她刚才若反应慢半分,或是根基稍浅,此刻恐怕已凶多吉少。
她看向蜷缩在河滩上,依旧用纯白眼睛怨毒地盯着她的怨灵,心中并无胜利的喜悦,只有更深的怜悯。
这怨灵,已经被仇恨彻底吞噬了。
“现在……肯听我说了吗?”
陈白露的声音因脖颈受伤而有些沙哑,却依旧平稳。
她没有继续攻击,而是再次结出度厄印,柔和的白光如同月华般洒向怨灵,这次带着更强的安抚与净化之力。
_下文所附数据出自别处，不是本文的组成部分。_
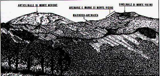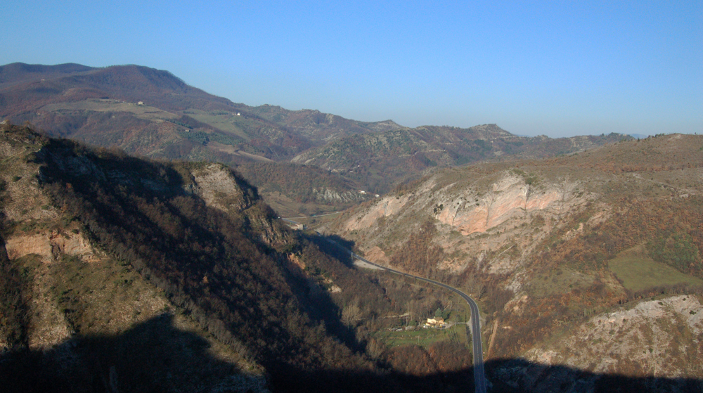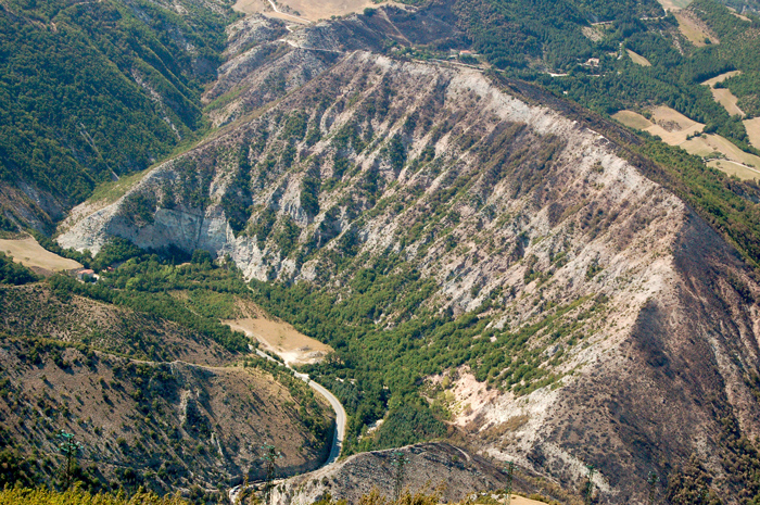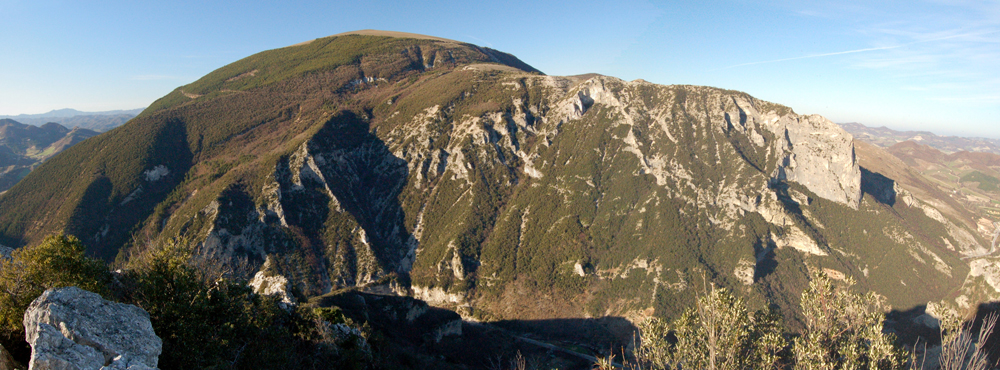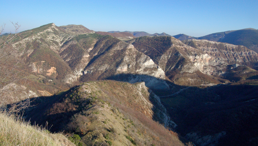 Panoramica su Monte di Montiego e sulla Gola di Gorgo a Cerbara; in evidenza la curvatura dei corpi rocciosi che sottolinea l’assetto anticlinalico della dorsale attraverso la quale si sviluppa la Gola, gennaio 2007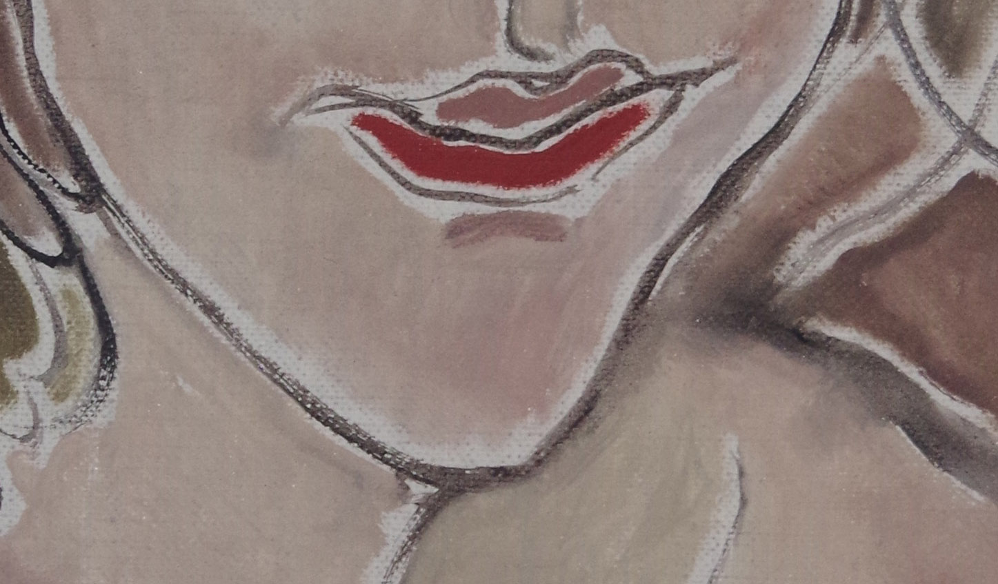 Although the lips are touched with a vivid red, they blend seamlessly with the surrounding skin tones, the linear rhythms of the eyes, and the painting’s overall warm undertones. Acting as a visual pause point, the lips gently balance the composition, guiding the viewer’s gaze from external contours toward inner emotion. This subtle integration conveys serenity and restraint, enriching the narrative of the portrait.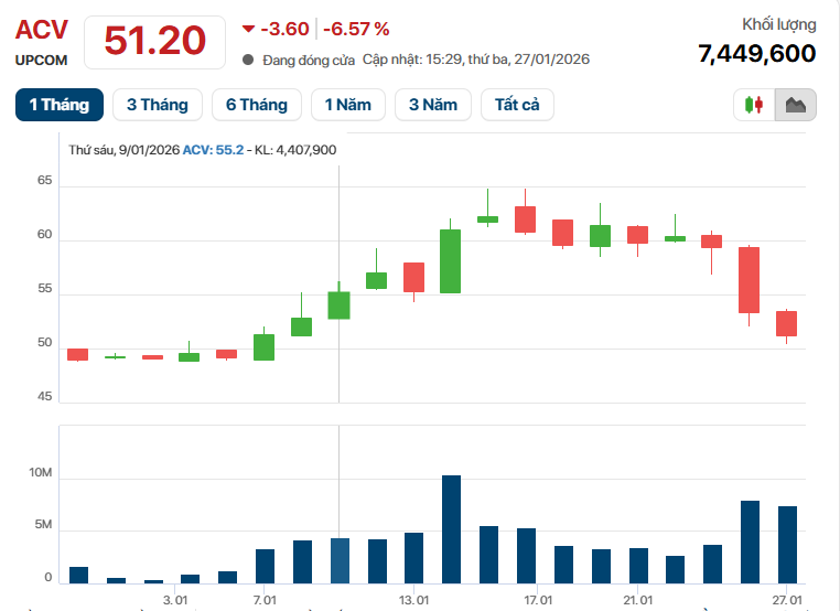 Cổ phiếu ACV tiếp tục tiếp tục giảm mạnh 6,57% trong phiên 27/1.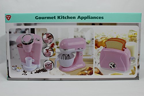 PLAYGO PRETEND PLAY GOURMET KITCHEN APPLIANCE SET - SINGLE SERVE COFFEE MAKER, MIXER & TOASTER, 3 PIECE, PINK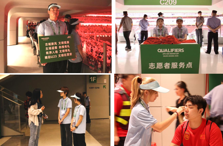 从观众服务、票务检查,到路线引导、物资发放,志愿者的身影遍布赛场每个角落。无论是烈日下的室外引导,还是反复细致的票务核验,他们都以严谨的态度和温暖的笑容面对每一位参与者,全面展现出西安青年热情好客、开放自信的精神风貌。志愿者卫倚卓表示:“在志愿服务岗位上,我感受到了勇气与担当。感谢球迷们的信任,我们定不负众望,展现青年的风貌与朝气。”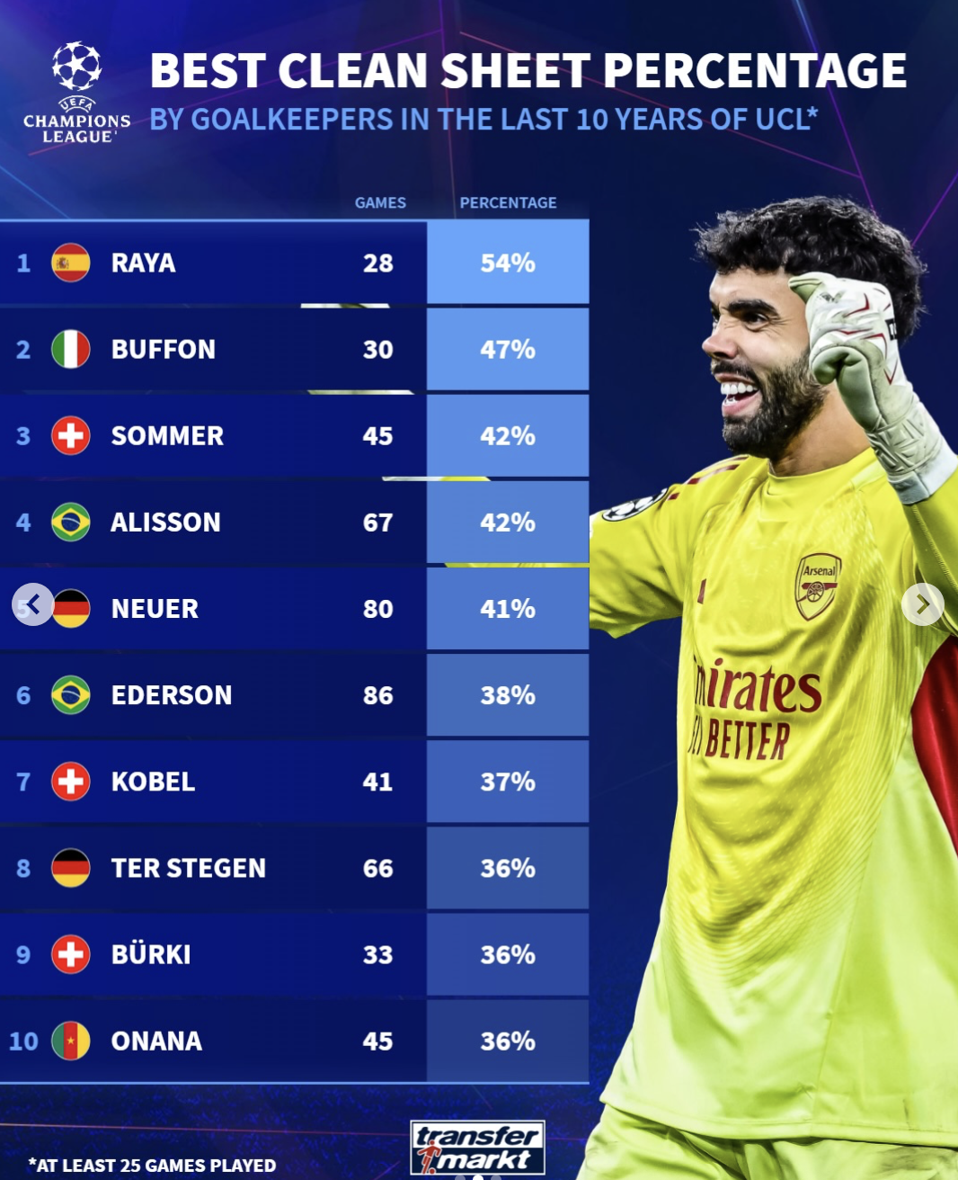 拉亚以54%的零封率居首;布冯以47%排第二。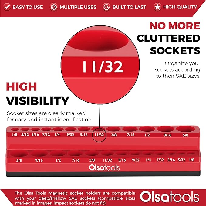 - ★ HIGH CAPACITY - This Olsa Tools Magnetic Socket Organizer (for SAE sockets) can store up to 26 of your 1/4-drive SAE sockets. Give yourself the neatness and organization you deserve.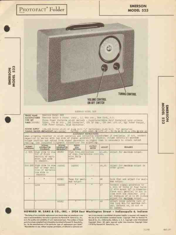 emerson model 523 7 tube am radio receiver sams photofact manual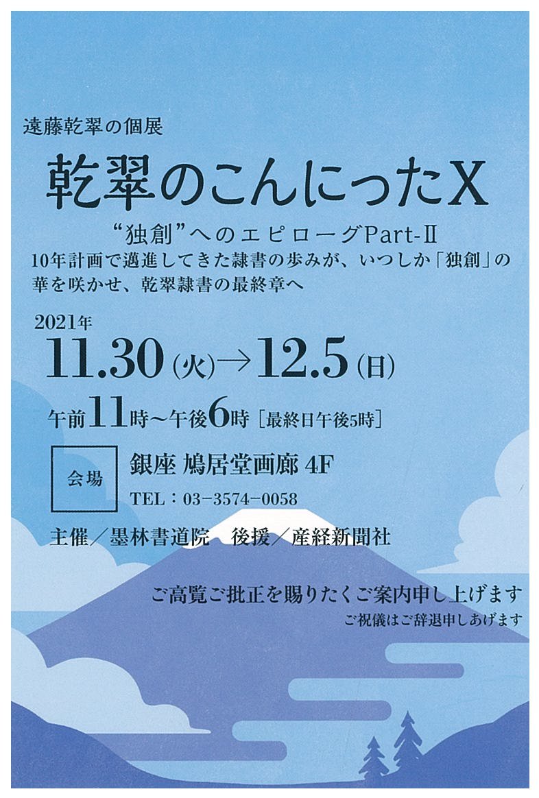 | 展覧会名 会期 会場 団体・代表名 | 乾翠のこんにったⅩ 11月30日(火)~12月5日(日) 銀座鳩居堂 墨林書道院・遠藤乾翠 |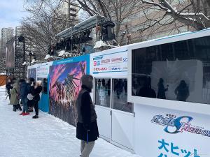 La Rising Freedom Gundam Snow Statue si trova nella sede di Odori del Sapporo Snow Festival, e uno stand speciale con decorazioni per i prodotti correlati è allestito di fronte alla statua di neve per vendite e mostre.Il giorno dell'inaugurazione, domenica 4 febbraio, un gran numero di spettatori si è radunato, formando lunghe file.

怨灵在白光的照耀下,痛苦地蜷缩着,发出小兽般的呜咽。
那光,让她感到温暖,却又让她因这温暖而更加清晰地回忆起冰冷的绝望。
“为什么……为什么不直接打散我……”她抬起头,血泪混合着河水滑落。
“因为你的恨,并非无根之木,你的怨,亦非无源之水。”
陈白露走近几步,在她身前蹲下,目光平视着她,
“告诉我,你为什么要害人,是不是有心愿未了,也许我可以帮你。”
“帮……我?”
她的声音嘶哑,带着水泡翻涌的咕噜声,充满了无尽的嘲讽和悲凉,
“怎么帮?你能让我活过来吗?能让我爸爸……先救我吗?!”
她猛地抬起头,长发向两边散开,露出一张浮肿青白的脸,一双纯白的眼睛死死盯着陈白露,里面是滔天的恨意和深入骨髓的痛苦。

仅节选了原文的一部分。